В конце пути я все чаще думал о папе. Как он там один? Голодный небось. И что делает?
О том, что он делал, папа рассказал уже позже. Его команде был дан секретный приказ: если немцы прорвутся, завод взорвать и уходить в партизаны, в леса, где в тайных местах было оружие, провизия, взрывчатка. Папа в кабинете главного инженера устроил свой штаб. Его верными помощниками были проверенные литейщики, среди них Васькин и Юлин отцы, Степан и Захар. Охраняли все цеха, но главным объектом была электростанция.

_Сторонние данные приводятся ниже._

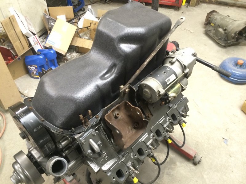 I had planned on not putting any sheet metal on the engine until I had the rockers on but decided I was tired of waiting and might as well spend the time putting the bottom of the engine on. So I put the oil pan, starter and motor mounts on. FYI, the motor mount bolts are SAE on a 97 but Metric on an Optimizer. Luckily the exhaust manifild bolts that came on the Optimizer that I wasn't using were a suitable substitution. I could have put manifolds and oil cooler lines on but ran out of "want to" for tonight.
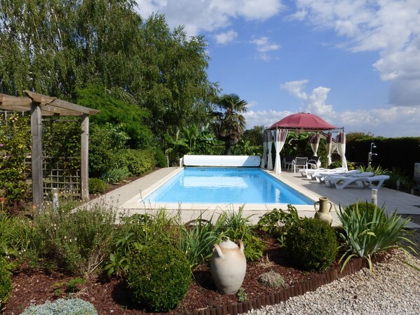 The whole area, including the pool, can be lit at dusk to take advantage of the pleasant evening summer temperatures in this part of France. All these stunning facilities can be seen from the two storey 5 bedroom gite on the left as you enter the courtyard.

Мой мирный тихий папа повесил на стене автомат и карту, на которой флажками отмечал передвижение немецких и советских войск. На другой стене крупно написал мелом номер нашего эшелона и каждый день спрашивал о его судьбе, крутя ручку полевого телефона. С замиранием сердца ждал ответа, вздыхал с облегчением, когда всегдашний суховатый голос кратко сообщал: эшелон номер такой-то проследовал пункт такой-то. Все нормально. Но однажды тот же голос сначала папу испугал: уж больно отчаянно человек кричал:
— Слушай, друг! Немцев от Москвы гонят! Гонят сволочей! Бегут они, бегут! А поезд твой миновал опасную зону, он уже за Муромом. Поздравляю!
Папа рассказывал, как трубка выпала из его ослабевших пальцев, как он потом созвал своих парней, сообщил им радостную и долгожданную весть. Васькин отец принес спирт, который берегли для дезинфекции инструмента и будущих перевязок, все выпили за победу и за скорое возвращение семей домой. Но я уже говорил, что это возвращение затянулось…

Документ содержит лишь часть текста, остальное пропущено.